1. Intercessory prayer fuels our efforts (1 Timothy 2:1-8).

We pray for each other and for the lost, in every way we can. We believe we must talk to God about others before we talk to others about God.

2. Relational evangelism drives our efforts (Romans 1:16).

We believe that the Gospel is the power of God for the salvation of everyone who believes. We instill in our teenagers: 1) Gospel urgency, helping them understand why it’s important to share the Gospel in their circle of influence; 2) Gospel fluency, equipping them to master the message of the Gospel; and, 3) Gospel strategy, training them to share the Gospel in a clear and compelling way.

3. Leaders model and set the pace for our efforts (Luke 6:40).

We recruit, equip, and mobilize adult and student leaders who are willing to pray for the lost, live and give the Gospel, and make disciples in the power of the Holy Spirit. We believe that these leaders set the pace and create the culture for effective evangelism and disciple-making.

4. A disciple-multiplication strategy guides our efforts (2 Timothy 2:2).

We won’t stop until every unbeliever is a believer and every believer is a disciple-maker. When a teenager puts their trust in Christ, we want to see them grow in Christ. As much as possible, we will help teenagers reach and disciple their own friends, training them to also be disciple-makers.

5. A bold vision focuses our efforts (Acts 1:8).

We have a bold vision that starts across the street, reaching teenagers at the schools near us (our “Jerusalem”). We will work to deploy teenagers at every school to be campus missionaries and reach their peers with the message of Jesus. We have a bold vision that extends “across the tracks” to socio-economic areas that are different than ours (our “Samaria”). We will send our teenagers out consistently to be ambassadors of hope to teens who are not like us but need the Gospel just the same. Finally, we have a bold vision that expands across the world.

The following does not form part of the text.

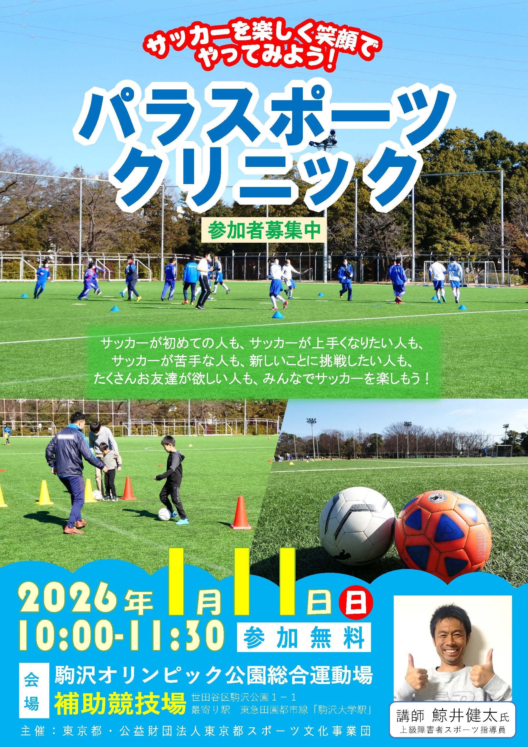 「スポーツで創る、東京の未来」をスローガンに、「スポーツフィールド・東京」の牽引役として様々な事業を展開する公益財団法人 東京都スポーツ文化事業団(渋谷区・千駄ヶ谷)は、「東京 2025 デフリンピック」の競技会場となった駒沢オリンピック公園総合運動場で2026年1月10日(土)にブラインドラグビーの体験ができる「パラスポーツシンポジウム(ブラインドラグビー)」、2026年1月11日(日)に障害のある方を対象としたサッカー教室「パラスポーツクリニック(サッカー)」を開催いたします。

We will consistently challenge our teenagers to take the Gospel to different cultures in other parts of the world (“the ends of the earth”).

6. Biblical outcomes measure our efforts (Acts 2:41).

Just as the early church measured their impact through numbers of baptisms and new converts being made and multiplied, we gauge our effectiveness by both qualitative (deeper spiritual maturity, fruit of the Spirit) and quantitative (new converts, baptisms, number of Gospel conversations) measures.

7. Ongoing programs reflect the goal of our efforts (Acts 6:1-4).

We will ensure that our weekly, monthly, and annual programs focus on intercessory prayer, evangelism, and disciple-multiplication, with the goal of advancing the Gospel in and through our teenagers. We will consistently proclaim the Gospel at our meetings and equip our students to do the same in their spheres of influence.